Fact Check Africa
- Type: Non-profit organisation
- Industry: Journalism
- Founded: June 2022; 4 years ago
- Headquarters: Nigeria
- Area served: Nigeria, Cameroun and Senegal
- Key people: Abideen Olasupo (Executive director); Mustapha Lawal;
- Services: Fact checking
- Website: factcheckafrica.net

= Fact Check Africa =

Non-profit organisation

Fact Check Africa is a non-profit independent fact checking platform set up in 2022 to verify claims and debunking fake news around electoral activities in Nigeria under the Brain Builders Youth Development Initiative, a non-government and non-profit organisation. The organisation was established by Nigerian civic entrepreneur Abideen Olasupo as Fact Check Election and then rebranded itself as FactCheckAfrica in 2023 when it expanded its scope to cover not only election-related activities, but also government-related issues, climate and conflicts in Africa.
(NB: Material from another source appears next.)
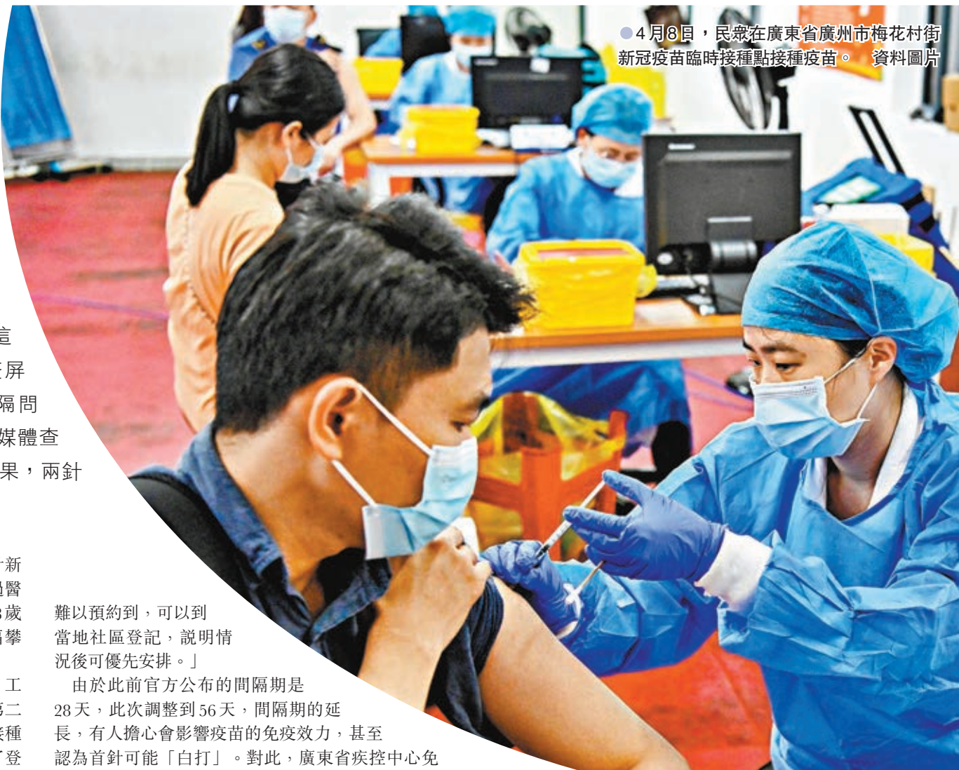
●4月8日,民眾在廣東省廣州市梅花村街新冠疫苗臨時接種點接種疫苗。資料圖片

In 2023, FactCheckAfrica was one of two winners of the U.S.-West Africa Tech Challenge, where it demonstrated an artificial-intelligence-powered fact-checking tool known as My AI Factcheck.TechCabal subsequently reported on the platform’s use of artificial intelligence and external news sources to assist users in assessing claims.

In May 2025, FactCheckAfrica became a verified signatory of the International Fact-Checking Network’s Code of Principles following a review covering areas including methodology, funding transparency, sources and nonpartisanship.

The organisation has also conducted fact-checking and digital-literacy training programmes for students, educators, journalists and other information stakeholders in Nigeria.